- [DATA FOR THE TASK]:

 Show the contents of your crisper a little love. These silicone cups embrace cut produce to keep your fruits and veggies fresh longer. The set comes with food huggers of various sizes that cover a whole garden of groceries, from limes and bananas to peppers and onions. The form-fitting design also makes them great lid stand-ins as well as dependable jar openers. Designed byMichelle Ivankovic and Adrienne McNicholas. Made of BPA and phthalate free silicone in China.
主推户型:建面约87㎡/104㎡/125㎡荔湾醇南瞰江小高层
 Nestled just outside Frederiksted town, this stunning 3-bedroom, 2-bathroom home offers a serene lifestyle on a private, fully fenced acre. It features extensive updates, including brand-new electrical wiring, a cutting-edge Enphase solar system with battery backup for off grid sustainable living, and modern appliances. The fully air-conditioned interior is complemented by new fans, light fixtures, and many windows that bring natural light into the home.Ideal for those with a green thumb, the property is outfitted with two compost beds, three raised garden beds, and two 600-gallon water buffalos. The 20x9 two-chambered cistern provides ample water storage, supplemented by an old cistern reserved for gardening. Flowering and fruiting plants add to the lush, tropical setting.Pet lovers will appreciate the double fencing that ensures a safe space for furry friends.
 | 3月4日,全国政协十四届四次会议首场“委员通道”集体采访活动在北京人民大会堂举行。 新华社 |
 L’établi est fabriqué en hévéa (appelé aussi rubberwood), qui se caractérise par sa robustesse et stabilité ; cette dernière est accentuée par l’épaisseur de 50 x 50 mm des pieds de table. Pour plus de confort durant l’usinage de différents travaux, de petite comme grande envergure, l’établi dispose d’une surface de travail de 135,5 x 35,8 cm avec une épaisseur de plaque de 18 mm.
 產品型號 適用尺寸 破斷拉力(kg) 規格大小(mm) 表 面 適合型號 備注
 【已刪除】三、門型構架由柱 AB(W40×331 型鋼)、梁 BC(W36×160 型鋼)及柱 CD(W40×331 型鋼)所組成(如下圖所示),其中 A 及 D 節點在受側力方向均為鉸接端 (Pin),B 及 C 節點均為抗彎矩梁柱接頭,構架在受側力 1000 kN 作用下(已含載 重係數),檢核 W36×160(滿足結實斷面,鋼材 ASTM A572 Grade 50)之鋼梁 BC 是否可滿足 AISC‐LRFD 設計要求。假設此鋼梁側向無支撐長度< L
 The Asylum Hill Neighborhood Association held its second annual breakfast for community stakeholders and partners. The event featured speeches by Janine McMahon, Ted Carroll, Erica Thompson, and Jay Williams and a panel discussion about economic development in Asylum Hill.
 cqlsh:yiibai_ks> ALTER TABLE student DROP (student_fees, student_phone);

- [YOUR INSTRUCTIONS]: Reproduce the whole listing above exactly.

- [RESPONSE BELOW]:
 Show the contents of your crisper a little love. These silicone cups embrace cut produce to keep your fruits and veggies fresh longer. The set comes with food huggers of various sizes that cover a whole garden of groceries, from limes and bananas to peppers and onions. The form-fitting design also makes them great lid stand-ins as well as dependable jar openers. Designed byMichelle Ivankovic and Adrienne McNicholas. Made of BPA and phthalate free silicone in China.
主推户型:建面约87㎡/104㎡/125㎡荔湾醇南瞰江小高层
 Nestled just outside Frederiksted town, this stunning 3-bedroom, 2-bathroom home offers a serene lifestyle on a private, fully fenced acre. It features extensive updates, including brand-new electrical wiring, a cutting-edge Enphase solar system with battery backup for off grid sustainable living, and modern appliances. The fully air-conditioned interior is complemented by new fans, light fixtures, and many windows that bring natural light into the home.Ideal for those with a green thumb, the property is outfitted with two compost beds, three raised garden beds, and two 600-gallon water buffalos. The 20x9 two-chambered cistern provides ample water storage, supplemented by an old cistern reserved for gardening. Flowering and fruiting plants add to the lush, tropical setting.Pet lovers will appreciate the double fencing that ensures a safe space for furry friends.
 | 3月4日,全国政协十四届四次会议首场“委员通道”集体采访活动在北京人民大会堂举行。 新华社 |
 L’établi est fabriqué en hévéa (appelé aussi rubberwood), qui se caractérise par sa robustesse et stabilité ; cette dernière est accentuée par l’épaisseur de 50 x 50 mm des pieds de table. Pour plus de confort durant l’usinage de différents travaux, de petite comme grande envergure, l’établi dispose d’une surface de travail de 135,5 x 35,8 cm avec une épaisseur de plaque de 18 mm.
 產品型號 適用尺寸 破斷拉力(kg) 規格大小(mm) 表 面 適合型號 備注
 【已刪除】三、門型構架由柱 AB(W40×331 型鋼)、梁 BC(W36×160 型鋼)及柱 CD(W40×331 型鋼)所組成(如下圖所示),其中 A 及 D 節點在受側力方向均為鉸接端 (Pin),B 及 C 節點均為抗彎矩梁柱接頭,構架在受側力 1000 kN 作用下(已含載 重係數),檢核 W36×160(滿足結實斷面,鋼材 ASTM A572 Grade 50)之鋼梁 BC 是否可滿足 AISC‐LRFD 設計要求。假設此鋼梁側向無支撐長度< L
 The Asylum Hill Neighborhood Association held its second annual breakfast for community stakeholders and partners. The event featured speeches by Janine McMahon, Ted Carroll, Erica Thompson, and Jay Williams and a panel discussion about economic development in Asylum Hill.
 cqlsh:yiibai_ks> ALTER TABLE student DROP (student_fees, student_phone);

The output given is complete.